Design and 3D-model of a dynamic bubble trap for cardiopulmonary bypass

Abstract

The use of extracorporeal circulation systems (cardiopulmonary bypass pumps, ECMO) can lead to brain and coronary artery microembolism, which significantly reduces postoperative rehabilitation and often leads to severe complications. Microembolism occurs when oxygen or air microbubbles (MBs) enter the arterial system of patients.

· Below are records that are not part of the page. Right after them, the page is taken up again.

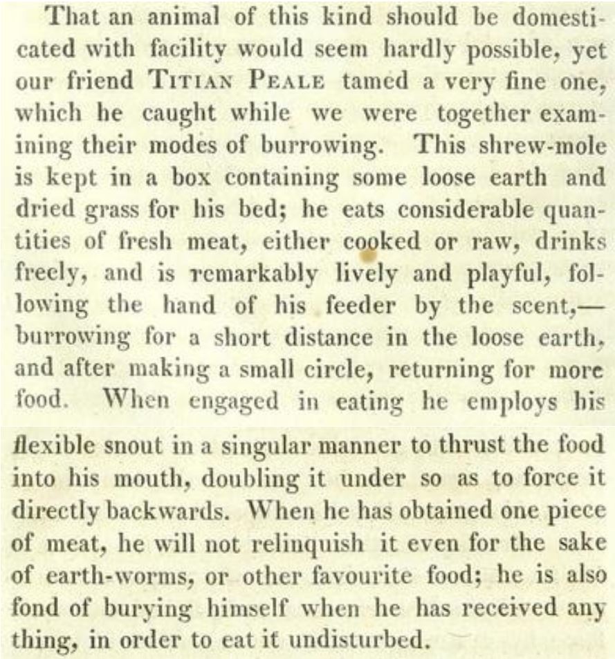 John D. Godman also described what he called the shrew mole in American Natural History. Part I. Mastology, 3 vols. (Philadelphia, 1826-1828), 1: 84-96, where he related information about the live animal kept by Titian Ramsay Peale, whose watercolor is pictured here / https://www.biodiversitylibrary.org/page/49165370
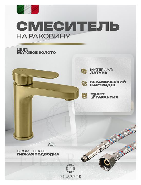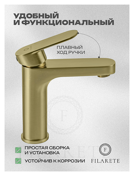 Смеситель для раковины FILARETE Retta FL5030MG, матовое золото
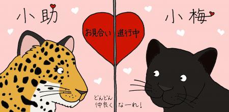 去年の4月に来園したジャガーの小梅が10月25日で2歳になりました!毎日たくさん遊んで元気いっぱいの小梅ですが、もともとはオスの卯月小助くんのお嫁さん候補として来園しています。今回は2頭のお見合いの様子についてお話したいと思います。
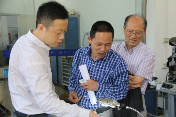 院长王舜首先代表全院教职工对周益民副巡视员一行的到来表示热烈欢迎,并介绍学院各个实验室的整体情况。随后,周益民副巡视员一行先后走访学院有机分析仪器室、基础化学实验室、水性聚氨酯实验室以及制笔实验室等。各实验室负责人分别就实验室仪器、取得成果等作了简单介绍,并一一解答周益民副巡视员一行提出的问题。
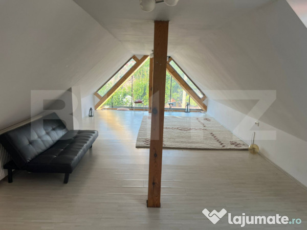 Spațiul este versatil, potrivit atât pentru locuit, cât și pentru birou sau activitate de tip home office. Mansarda beneficiază de lumină naturală pe tot parcursul zilei, iar curtea comună oferă un loc plăcut pentru relaxare.
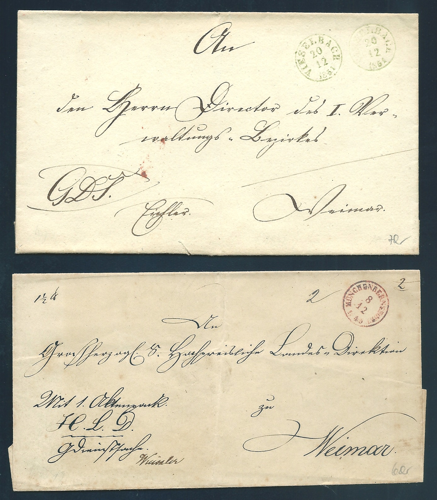 "Münchenbernsdorf", roter K1 1849, "Vieselbach" in grün 1851, zwei Briefe mit besseren Fingerhut-K1

Existing CPB pumps come with built-in bubble trap systems but cannot remove bubbles in the circuit. ECMO devices have arterial filters but cannot reliably filter out <40 μm bubbles in a wide flow range. We have proposed an alternative method that involves the use of an efficient dynamic bubble trap (DBT) for both large and small bubbles. The design includes development of two DBT variants for hemodynamic conditions of adult and pediatric patients. The device is installed in the CPB pump and ECMO outlet lines. It provides sufficient bubble separation from the lines in a blood flow of 3.0–5.0 L/min for adults and 0.5–2.0 L/min for children. The developed computer models have shown that MBs smaller than 10 μm can be filtered. The use of this device will greatly reduce the likelihood of air embolism and provide the opportunity to reconsider the concept of expensive arterial filters.